§ **What is required**
All of the data below must be reproduced word for word, but without its images.

§ **Raw data**
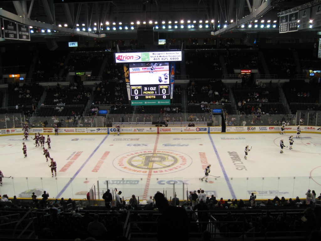 I liked how the building was equal parts Bruins and Friars….One thing I hope they fix are the signs for the sections. For the 200 level, when I was walking up the stairs it said “214”. However, the section was actually “215”, as it said that on the back wall. I looked like a douche as I sat in the wrong seat and thought for sure I was correct. After I moved to the right spot, somebody else came up and did the same thing. Somebody screwed up when putting those signs on….The other thing that needs fixing is the game-day operator. When a Hershey player was hurt badly on the ice (so bad, a stretcher was brought out), they decided to have the fan-cam up as fans were cheering with dance/pop music blaring. C’mon man.
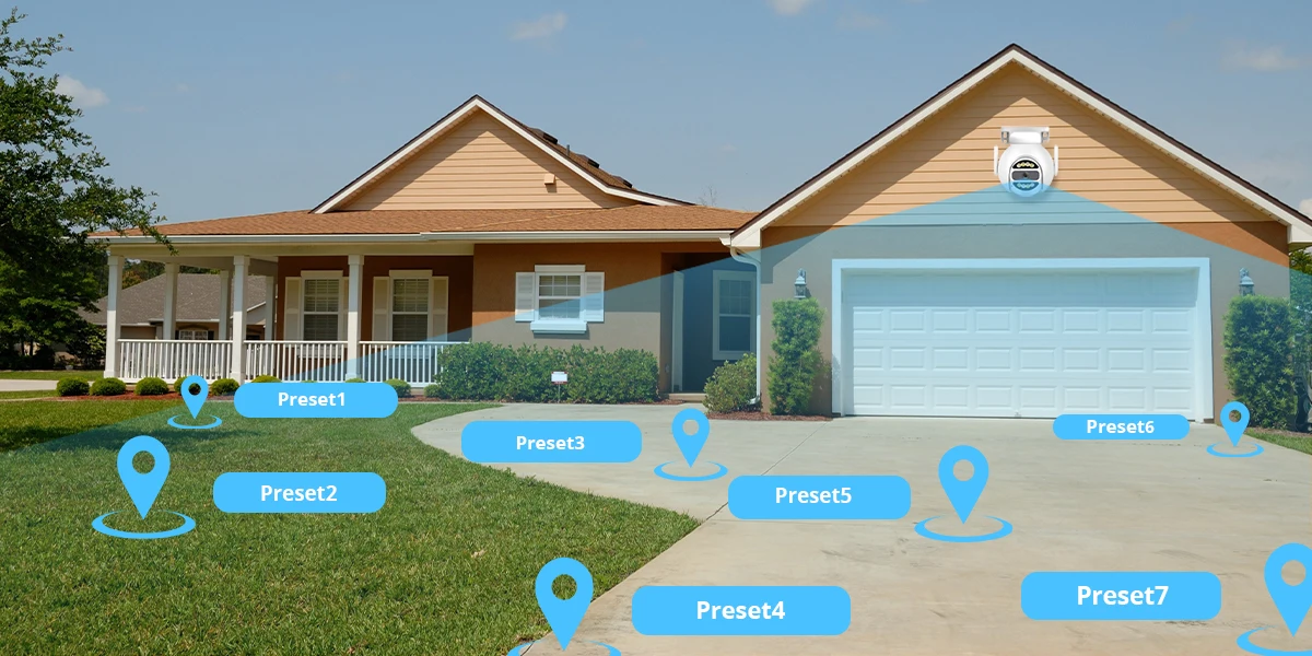 8 positions prédéfiniesPour les zones importantes, vous pouvez également le définir comme point prédéfini.L'écran d'image passera rapidement à la position correspondante en cliquant directement sur le point prédéfini défini à l'avance.
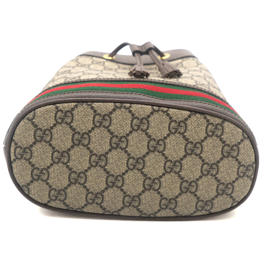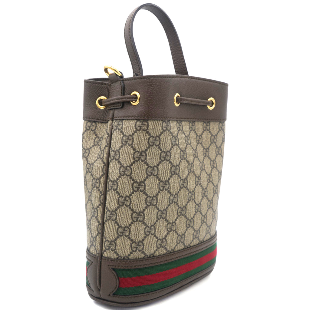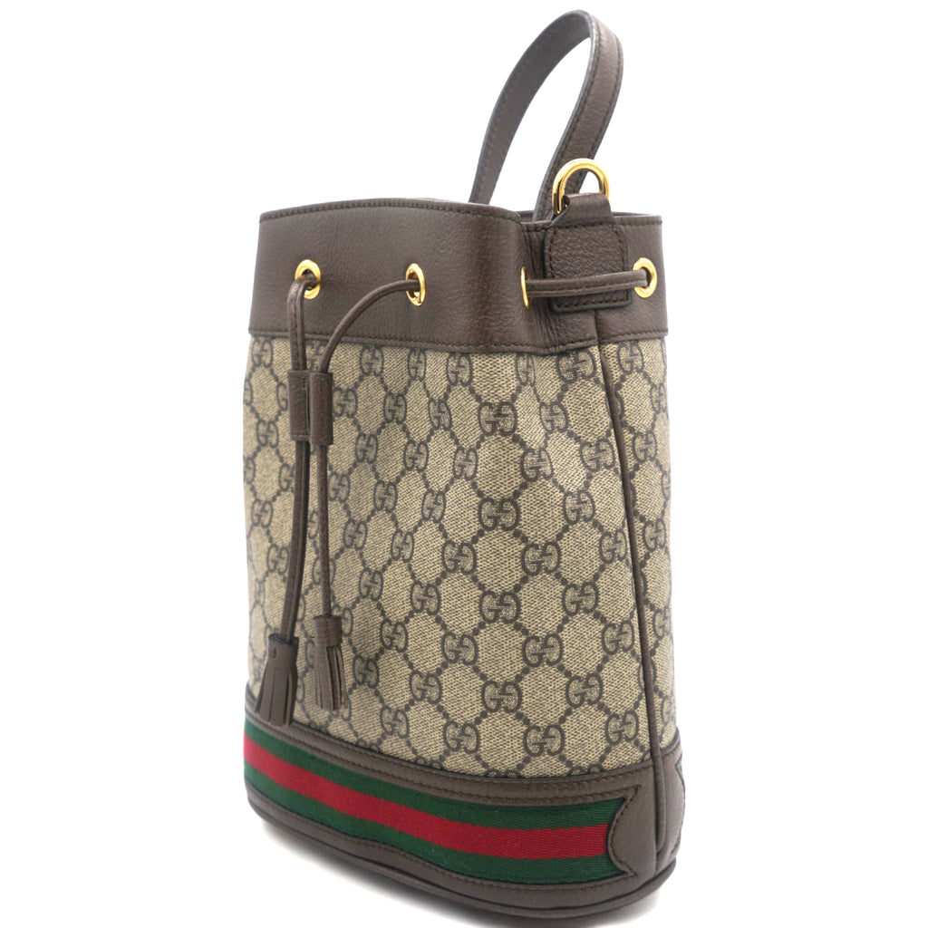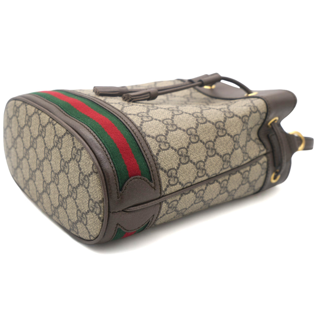| Rendered in GG Supreme canvas and leather, the Ophidia bucket bag features the Web detail on the exterior for a signature touch. It opens to a well-sized Alcantara interior for housing your basic essentials. The bag suspends from a shoulder sling just so you can parade it in style! |

§ **Final answer**
 I liked how the building was equal parts Bruins and Friars….One thing I hope they fix are the signs for the sections. For the 200 level, when I was walking up the stairs it said “214”. However, the section was actually “215”, as it said that on the back wall. I looked like a douche as I sat in the wrong seat and thought for sure I was correct. After I moved to the right spot, somebody else came up and did the same thing. Somebody screwed up when putting those signs on….The other thing that needs fixing is the game-day operator. When a Hershey player was hurt badly on the ice (so bad, a stretcher was brought out), they decided to have the fan-cam up as fans were cheering with dance/pop music blaring. C’mon man.
 8 positions prédéfiniesPour les zones importantes, vous pouvez également le définir comme point prédéfini.L'écran d'image passera rapidement à la position correspondante en cliquant directement sur le point prédéfini défini à l'avance.
| Rendered in GG Supreme canvas and leather, the Ophidia bucket bag features the Web detail on the exterior for a signature touch. It opens to a well-sized Alcantara interior for housing your basic essentials. The bag suspends from a shoulder sling just so you can parade it in style! |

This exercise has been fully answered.